La culture, dans cette perspective, n'est donc pas un ensemble d'idées, de savoirs ou
de compétences qui se transmet : elle est processus, création réitérée, au fil des générations
et dans des lieux différents (pourvu qu'il y ait de la forêt/des sauvages, des villes/des blancs,
une rivière et des gens entre les deux), de rapports liés à la transmutation de la mixité « raciale »
en identité (par le désir) et de la forêt en biens de consommation (par le travail).
Corrélativement, la parenté n'est pas la transmission d'une structure ou d'une relation ; elle est la
production de rapports affectifs, et donc de mémoire, à partir de dons de nourriture et de soins.
Parents et enfants se créent en tant que kin dans cette relation d'amour réciproque, de même
que mari et femme se constituent époux par le choix, l'amour et la collaboration mutuels.
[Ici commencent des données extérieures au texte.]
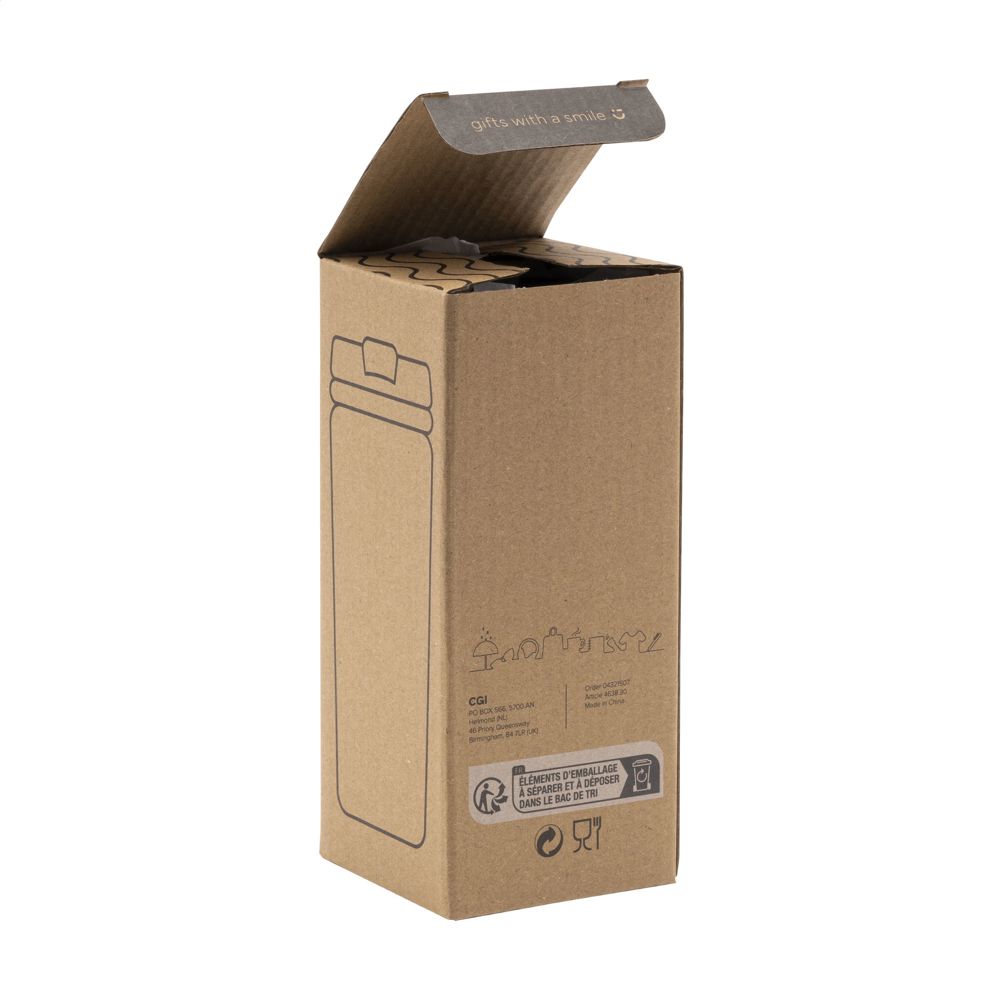 Retap Bottles worden standaard in een kartonnen doos verpakt met verschillende flessen samen. Maar ook verpakking per stuk of per twee is ook mogelijk. Vanaf duizend stuks kunnen de dozen volledig bedrukt worden. Voor geschenken kun je de fles in een koker laten verpakken. Bij aankoop van duizend stuks is de koker volledig bedrukbaar.

C'est en ce sens que la culture est histoire : la dimension temporelle du processus civilisateur
(la médiation entre essences humaines distinctes, comme entre forêt et argent) est au cœur
de la vie sociale. C'est pourquoi les nativos craignent plus l'entropie démographique, la perte
de leurs enfants — futurs créateurs de culture — que celle de leurs « traditions »...
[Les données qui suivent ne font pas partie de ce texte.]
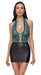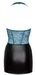 Eng geschnittenes kurzes Kleid von Cottelli LINGERIE in Zweiteiler-Optik mit Oberteil aus feiner petrolfarbener Spitze und Rockteil im edlen schwarzen Mattlook. Bis zum Bauchnabel tief dekolletiert - 3 roségoldfarbene Ringe und Stretchbänder halten alles schön zusammen. Rückenfrei, der Neckholder hat einen Clipverschluss.

L'une des principales qualités de ce livre, à l'écriture claire et discrète, est la subtilité de
ses notations. Cela se paie par un penchant vers la répétitivité et un certain flou dans la
démonstration ; il n'empêche, cette culture centrée sur la routine du quotidien, presque invisible à
force d'être proche du banal, trouve là un analyste remarquablement attentif aux nuances
de la vie ordinaire. Par ailleurs, l'ouvrage livre des indices précieux sur la manière dont des
individus issus de sociétés « traditionnelles » peuvent se couler dans ce genre de culture :
opération qui consiste — Gow ne le dit pas mais ses données permettent de le déduire — non
pas à apprendre du nouveau, à adopter des valeurs distinctes, à s'adapter à un système de
parenté différent, mais à sélectionner des aspects présents dans la culture d'origine sous forme
de choix alternatifs ou de traits « statistiques » en laissant le reste à l' arrière-plan. Cet
aménagement cognitif passe par l'adoption d'une langue « pauvre » — l'espagnol des backwaters
amazoniens — adéquate à cette entreprise de gommage des caractères saillants — donc
distinctifs — de la culture « traditionnelle ». Soulignons au passage l'intérêt des pages
consacrées à l'école et au refus de l'éducation bilingue, effectivement contradictoire avec
l'approche indigène de la notion de civilisation.
On l'aura compris, les nativos de l'Urubamba ne constituent pas une tribu ou une ethnie :
ils sont un palier de transformation ou une plaque tournante d'identités, et Gow a tout à
fait raison de souligner l'absence de frontière autour de ce conglomérat. Il montre d'ailleurs
fort bien comment, en ajoutant une génération supplémentaire au processus qui définit la
culture nativa, on aboutit à une identité de ribereño métis ou de caboclo riverain désindigénisé.